- **EXERCISE OBJECTIVE**
Write the data out again, word for word.

- **THE DATA**
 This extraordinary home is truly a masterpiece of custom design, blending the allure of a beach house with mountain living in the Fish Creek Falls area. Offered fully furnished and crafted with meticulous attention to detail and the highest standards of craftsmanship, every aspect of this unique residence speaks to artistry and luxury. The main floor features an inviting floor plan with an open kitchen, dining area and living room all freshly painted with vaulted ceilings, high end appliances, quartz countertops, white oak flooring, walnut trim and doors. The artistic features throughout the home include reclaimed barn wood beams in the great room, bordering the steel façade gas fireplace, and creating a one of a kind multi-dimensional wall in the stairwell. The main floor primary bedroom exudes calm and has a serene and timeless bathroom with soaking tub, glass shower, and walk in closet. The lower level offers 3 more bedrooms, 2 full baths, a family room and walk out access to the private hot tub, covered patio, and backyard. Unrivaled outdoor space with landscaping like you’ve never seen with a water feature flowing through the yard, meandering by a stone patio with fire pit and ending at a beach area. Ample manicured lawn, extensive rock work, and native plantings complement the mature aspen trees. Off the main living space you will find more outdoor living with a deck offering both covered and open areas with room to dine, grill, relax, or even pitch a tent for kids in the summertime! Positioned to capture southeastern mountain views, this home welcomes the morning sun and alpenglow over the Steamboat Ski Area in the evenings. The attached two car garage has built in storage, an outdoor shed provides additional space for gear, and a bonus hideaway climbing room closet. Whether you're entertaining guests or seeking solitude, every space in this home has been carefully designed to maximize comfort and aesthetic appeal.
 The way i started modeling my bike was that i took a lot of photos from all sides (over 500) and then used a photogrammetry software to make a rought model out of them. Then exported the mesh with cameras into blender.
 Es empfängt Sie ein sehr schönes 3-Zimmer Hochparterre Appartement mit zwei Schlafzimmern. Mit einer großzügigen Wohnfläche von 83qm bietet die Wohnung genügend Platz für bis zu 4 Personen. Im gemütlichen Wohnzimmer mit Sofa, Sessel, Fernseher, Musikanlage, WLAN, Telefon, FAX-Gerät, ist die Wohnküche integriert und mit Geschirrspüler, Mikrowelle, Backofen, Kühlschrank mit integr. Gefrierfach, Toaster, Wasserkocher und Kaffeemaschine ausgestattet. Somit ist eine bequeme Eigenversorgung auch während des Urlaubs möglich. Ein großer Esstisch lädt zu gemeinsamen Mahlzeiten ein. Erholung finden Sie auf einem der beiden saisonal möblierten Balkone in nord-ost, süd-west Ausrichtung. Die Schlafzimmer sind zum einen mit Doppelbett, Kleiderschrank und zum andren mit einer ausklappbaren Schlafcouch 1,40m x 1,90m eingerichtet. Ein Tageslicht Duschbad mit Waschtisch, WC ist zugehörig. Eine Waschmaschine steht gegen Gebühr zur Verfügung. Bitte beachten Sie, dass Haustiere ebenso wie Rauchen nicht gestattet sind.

- **OUTPUT OF THE TASK**
 This extraordinary home is truly a masterpiece of custom design, blending the allure of a beach house with mountain living in the Fish Creek Falls area. Offered fully furnished and crafted with meticulous attention to detail and the highest standards of craftsmanship, every aspect of this unique residence speaks to artistry and luxury. The main floor features an inviting floor plan with an open kitchen, dining area and living room all freshly painted with vaulted ceilings, high end appliances, quartz countertops, white oak flooring, walnut trim and doors. The artistic features throughout the home include reclaimed barn wood beams in the great room, bordering the steel façade gas fireplace, and creating a one of a kind multi-dimensional wall in the stairwell. The main floor primary bedroom exudes calm and has a serene and timeless bathroom with soaking tub, glass shower, and walk in closet. The lower level offers 3 more bedrooms, 2 full baths, a family room and walk out access to the private hot tub, covered patio, and backyard. Unrivaled outdoor space with landscaping like you’ve never seen with a water feature flowing through the yard, meandering by a stone patio with fire pit and ending at a beach area. Ample manicured lawn, extensive rock work, and native plantings complement the mature aspen trees. Off the main living space you will find more outdoor living with a deck offering both covered and open areas with room to dine, grill, relax, or even pitch a tent for kids in the summertime! Positioned to capture southeastern mountain views, this home welcomes the morning sun and alpenglow over the Steamboat Ski Area in the evenings. The attached two car garage has built in storage, an outdoor shed provides additional space for gear, and a bonus hideaway climbing room closet. Whether you're entertaining guests or seeking solitude, every space in this home has been carefully designed to maximize comfort and aesthetic appeal.
 The way i started modeling my bike was that i took a lot of photos from all sides (over 500) and then used a photogrammetry software to make a rought model out of them. Then exported the mesh with cameras into blender.
 Es empfängt Sie ein sehr schönes 3-Zimmer Hochparterre Appartement mit zwei Schlafzimmern. Mit einer großzügigen Wohnfläche von 83qm bietet die Wohnung genügend Platz für bis zu 4 Personen. Im gemütlichen Wohnzimmer mit Sofa, Sessel, Fernseher, Musikanlage, WLAN, Telefon, FAX-Gerät, ist die Wohnküche integriert und mit Geschirrspüler, Mikrowelle, Backofen, Kühlschrank mit integr. Gefrierfach, Toaster, Wasserkocher und Kaffeemaschine ausgestattet. Somit ist eine bequeme Eigenversorgung auch während des Urlaubs möglich. Ein großer Esstisch lädt zu gemeinsamen Mahlzeiten ein. Erholung finden Sie auf einem der beiden saisonal möblierten Balkone in nord-ost, süd-west Ausrichtung. Die Schlafzimmer sind zum einen mit Doppelbett, Kleiderschrank und zum andren mit einer ausklappbaren Schlafcouch 1,40m x 1,90m eingerichtet. Ein Tageslicht Duschbad mit Waschtisch, WC ist zugehörig. Eine Waschmaschine steht gegen Gebühr zur Verfügung. Bitte beachten Sie, dass Haustiere ebenso wie Rauchen nicht gestattet sind.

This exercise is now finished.